## Task statement
Please restate, word for word, the lines below that begin at the one with "Ambato, 07 de" and end at the one with "Mailing Address : 2580". Leave out all other lines.

## Materials provided
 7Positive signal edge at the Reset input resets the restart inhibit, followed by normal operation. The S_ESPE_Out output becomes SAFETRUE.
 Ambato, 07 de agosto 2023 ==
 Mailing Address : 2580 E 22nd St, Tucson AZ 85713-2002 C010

--

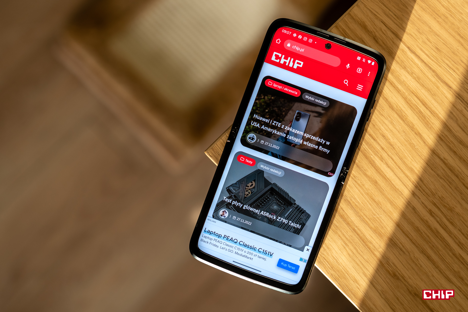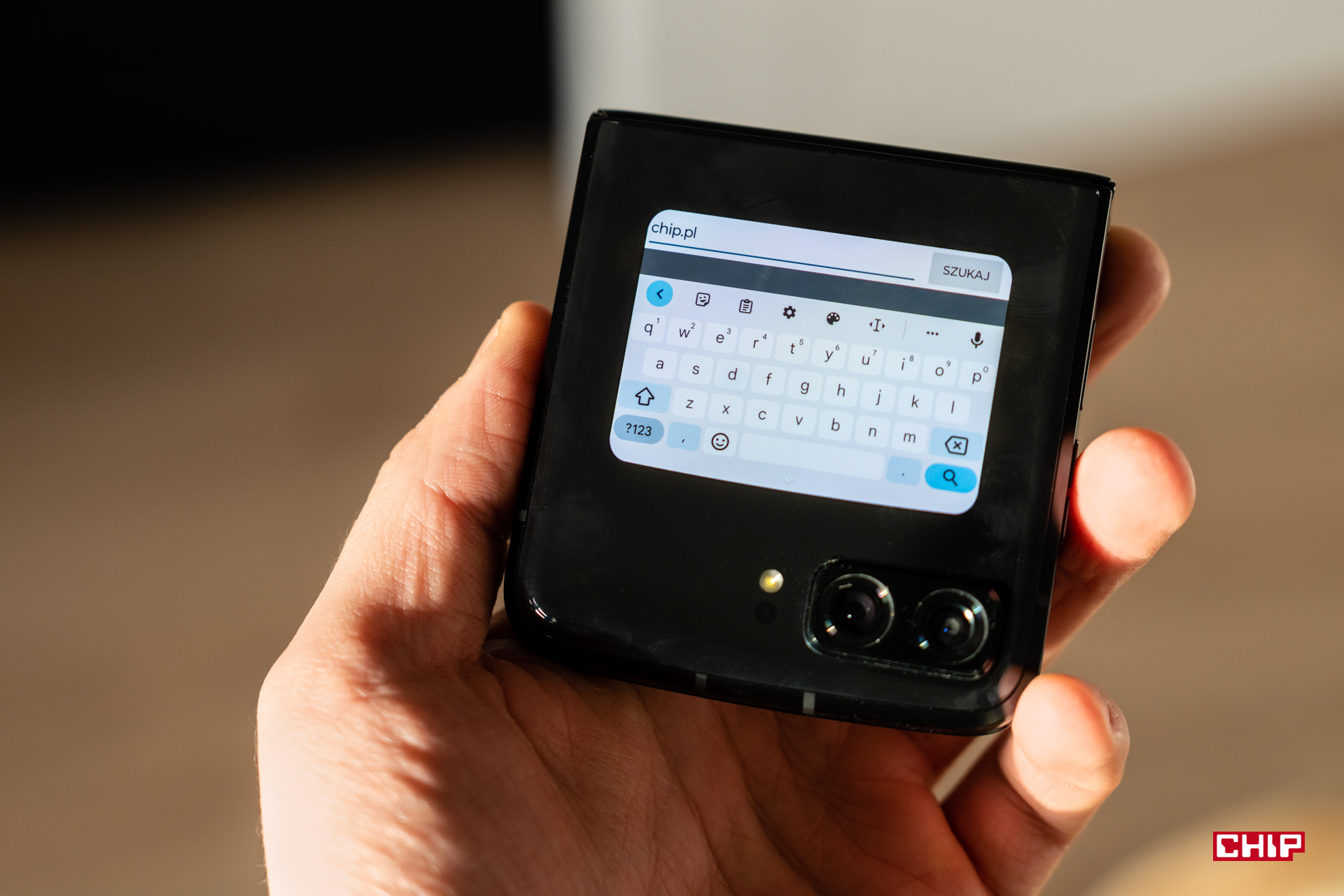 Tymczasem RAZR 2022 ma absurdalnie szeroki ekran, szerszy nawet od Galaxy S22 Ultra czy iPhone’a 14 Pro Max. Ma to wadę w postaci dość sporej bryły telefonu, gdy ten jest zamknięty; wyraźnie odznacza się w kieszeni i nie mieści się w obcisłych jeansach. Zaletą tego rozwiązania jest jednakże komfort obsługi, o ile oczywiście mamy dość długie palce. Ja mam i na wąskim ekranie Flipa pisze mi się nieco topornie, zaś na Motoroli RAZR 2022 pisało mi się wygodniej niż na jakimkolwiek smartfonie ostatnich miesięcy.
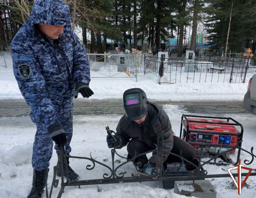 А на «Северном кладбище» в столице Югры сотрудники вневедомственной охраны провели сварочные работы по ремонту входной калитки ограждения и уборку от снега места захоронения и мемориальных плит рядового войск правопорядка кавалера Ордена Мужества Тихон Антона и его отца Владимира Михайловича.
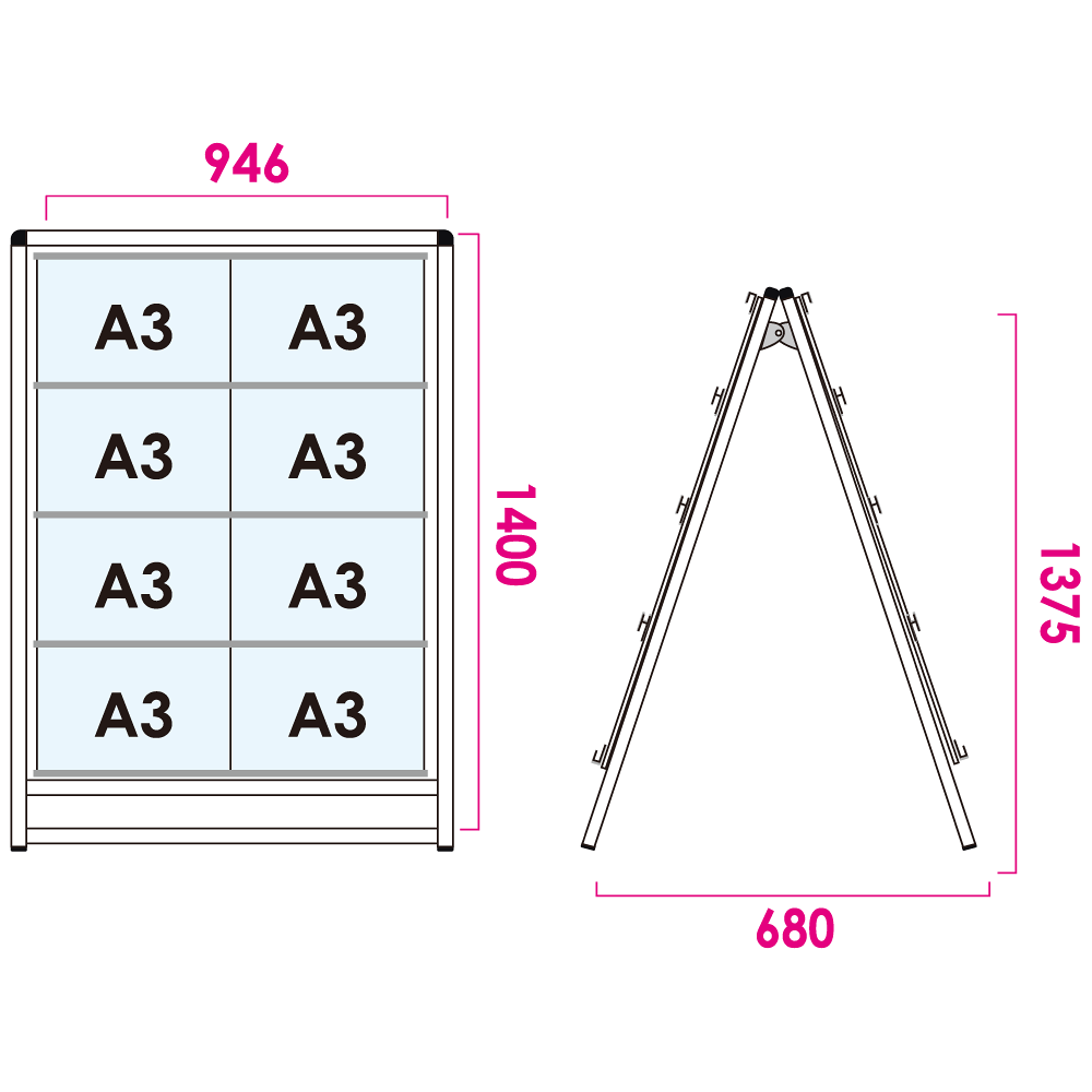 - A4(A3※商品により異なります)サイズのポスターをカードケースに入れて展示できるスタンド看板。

---

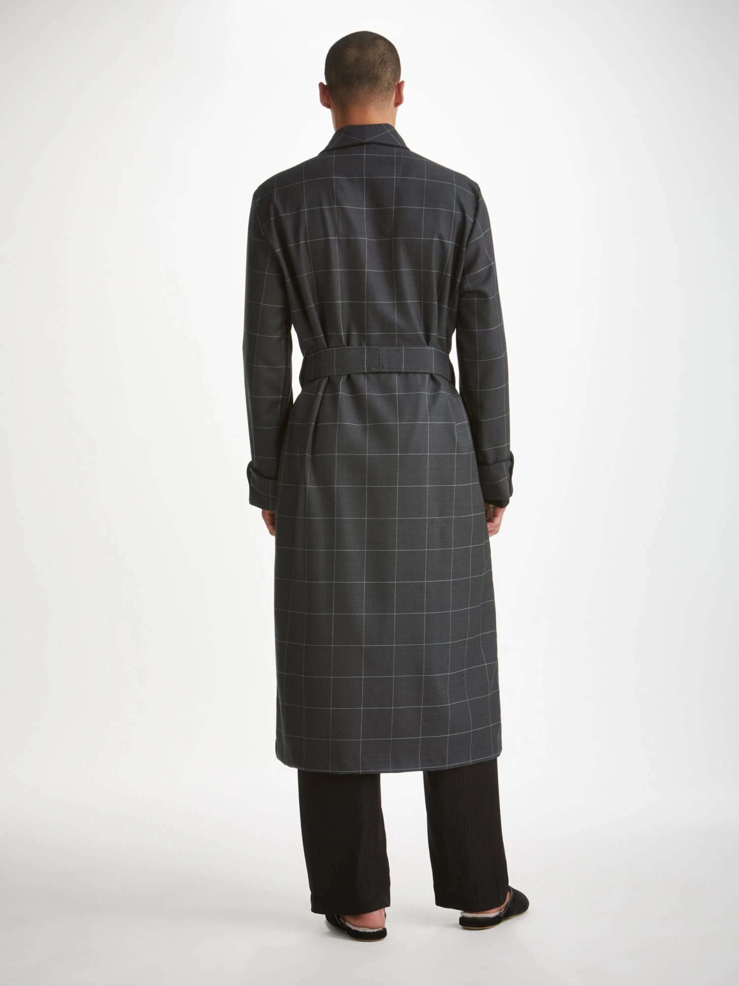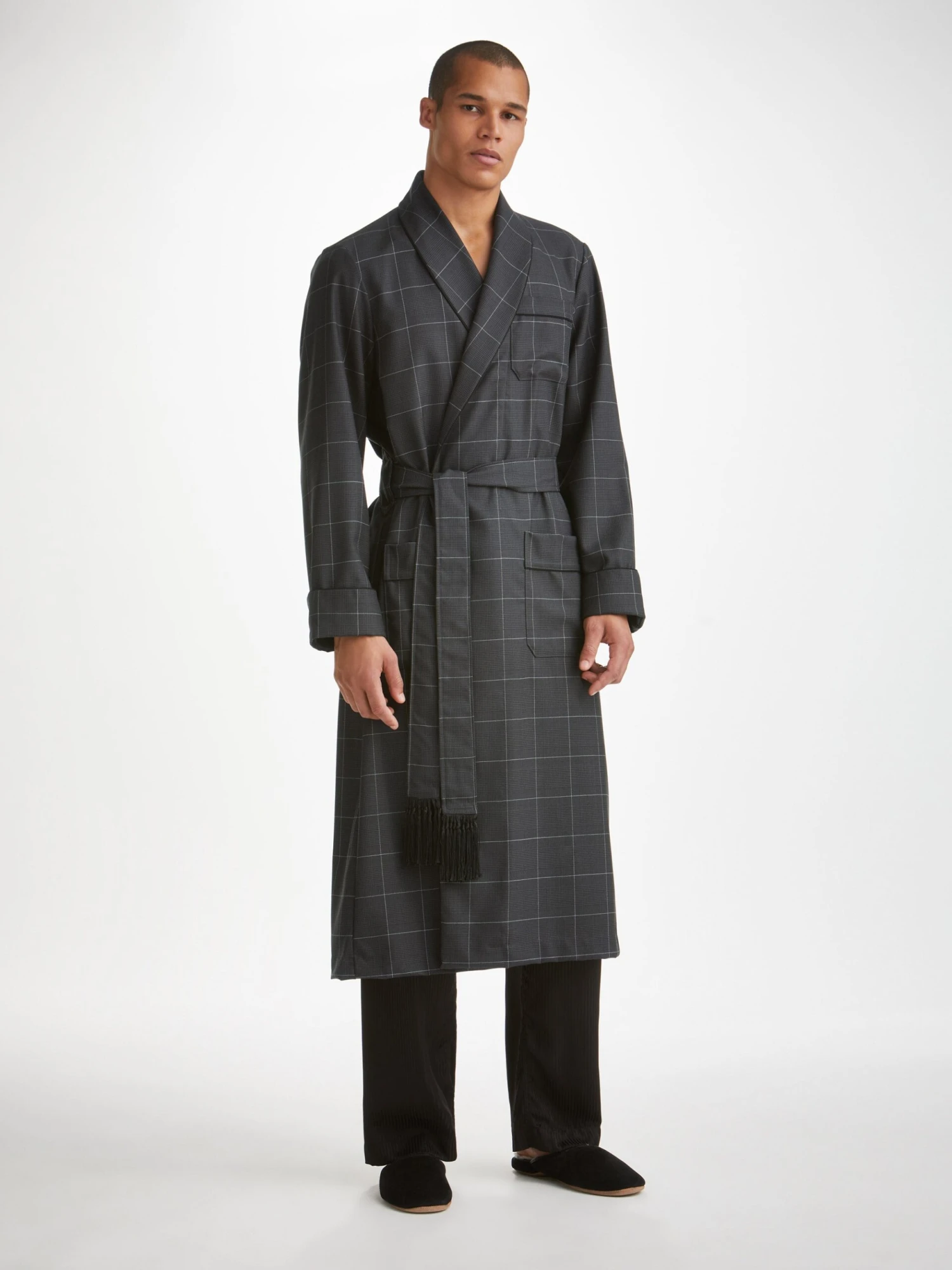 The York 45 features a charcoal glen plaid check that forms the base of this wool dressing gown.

## Answer to the problem
 Ambato, 07 de agosto 2023 ==
 Mailing Address : 2580 E 22nd St, Tucson AZ 85713-2002 C010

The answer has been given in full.